A total of 17 investment categories are eligible for the Building Canada Fund, but the vast majority of projects proposed by the provinces and municipalities—and funded by Infrastructure Canada—are in the areas of transportation, water and wastewater treatment and public transit.
Projects funded under the Major Infrastructure Component are chosen jointly through discussions with each province. Almost all of that component's funds have now been committed to projects, and on-going discussions are being held for the remaining funds.
Projects under the Communities Component were chosen through a competitive process based on applications for funding and are managed jointly with the provinces. The majority of this component's funding has already been allocated.

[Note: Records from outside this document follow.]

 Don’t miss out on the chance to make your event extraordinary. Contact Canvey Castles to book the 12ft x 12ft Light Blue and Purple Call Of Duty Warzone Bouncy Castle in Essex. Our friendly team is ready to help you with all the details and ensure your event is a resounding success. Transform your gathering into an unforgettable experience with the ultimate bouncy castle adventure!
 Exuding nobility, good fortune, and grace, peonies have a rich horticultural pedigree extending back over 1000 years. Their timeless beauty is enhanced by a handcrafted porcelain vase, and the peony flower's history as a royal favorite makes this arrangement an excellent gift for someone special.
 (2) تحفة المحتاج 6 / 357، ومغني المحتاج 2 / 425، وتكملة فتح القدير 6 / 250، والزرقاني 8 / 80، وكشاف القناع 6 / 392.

Targeted funding is also allocated through the Green Infrastructure Fund, which is a merit-based program with the goal of contributing to cleaner air, cleaner water and reductions in greenhouse gas emissions. All of the funding under this program has already been allocated.
Environmental sustainability has been encouraged through Infrastructure Canada's targeted programs in two ways.

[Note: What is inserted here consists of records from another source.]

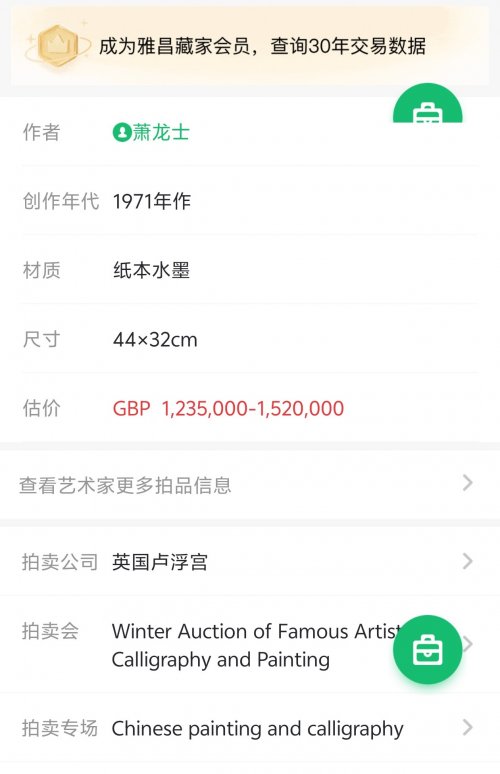 据悉,本次拍卖会预展及拍卖地点均位于英国伦敦Strand, Westminster Borough, WC2R OEU,萧龙士作品的高价位成交,为中外艺术交流写下了浓墨重彩的一笔。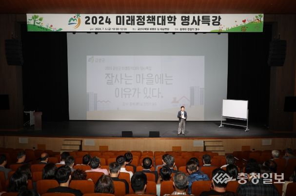 충청일보 박사현 기자 | 금산군은 지난 5일 금산다락원 생명의집 대공연장에서 강형기 충북대 교수를 초청해 ‘잘 사는 동네에는 이유가 있다’를 주제로 미래정책대학 명사초청특강을 개최했다.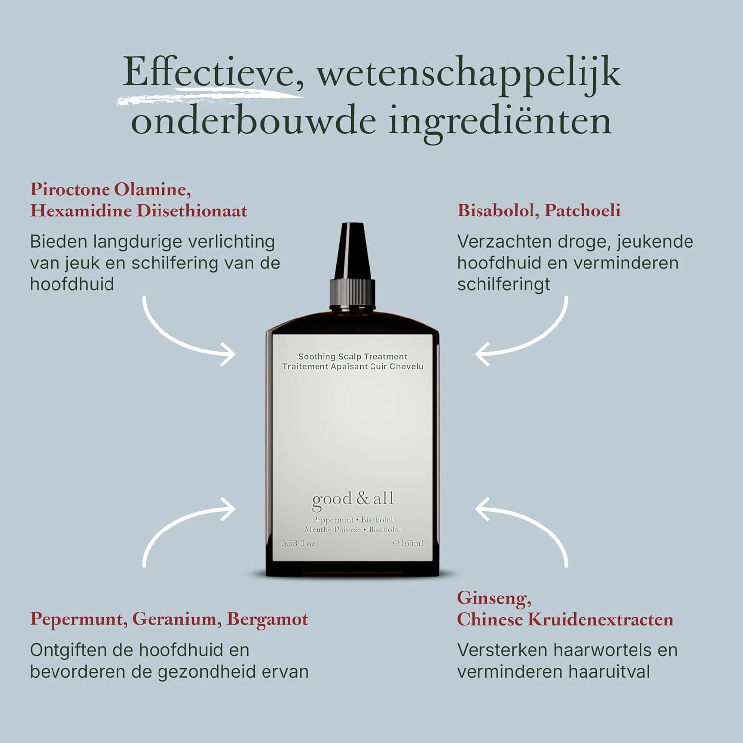 Good&All Hoofdhuid Tonic tegen Roos, Jeuk, Droge, Schilferige Hoofdhuid – Leave-in met Pepermunt en Bisabolol – Zonder Sulfaat, Siliconen en Parabenen – 165ml

The first is through funding support for projects that provide direct environmental benefits, which we refer to as green infrastructure such as wastewater treatment, solid waste management, brownfield redevelopment, and green energy, which also includes community district energy systems. The largest proportion of this funding, which is approximately $1.8 billion, has been committed to over 1,200 waste water infrastructure projects.
The second way that Infrastructure Canada has encouraged environmental sustainability is through program funding criteria, which encourage or require projects to meet certain standards.
But irrespective of our programs, I would like to finish by emphasizing the following points.
Our funding programs outline eligibility parameters for projects. However, within those parameters, our partners have a great deal of flexibility to prioritize investments to meet their particular infrastructure needs. So our role is limited to being a provider of funding and, thus, we do not own or manage any of the infrastructure projects we fund. That particular role is filled by our partners, which are mainly provinces, territories, and municipalities. As a result, it is they that are responsible for undertaking key activities such as project planning, procurement, and prioritization.
Our funding is meant to help cover the capital costs of building new infrastructure assets and refurbishing existing ones, and we do not fund operating costs. Our programs are designed to assist—I mentioned cost sharing—provincial, territorial, and municipal infrastructure projects. As such, we do not support federal assets.
That's an overview. Thank you for your time, and we would be happy to answer any questions.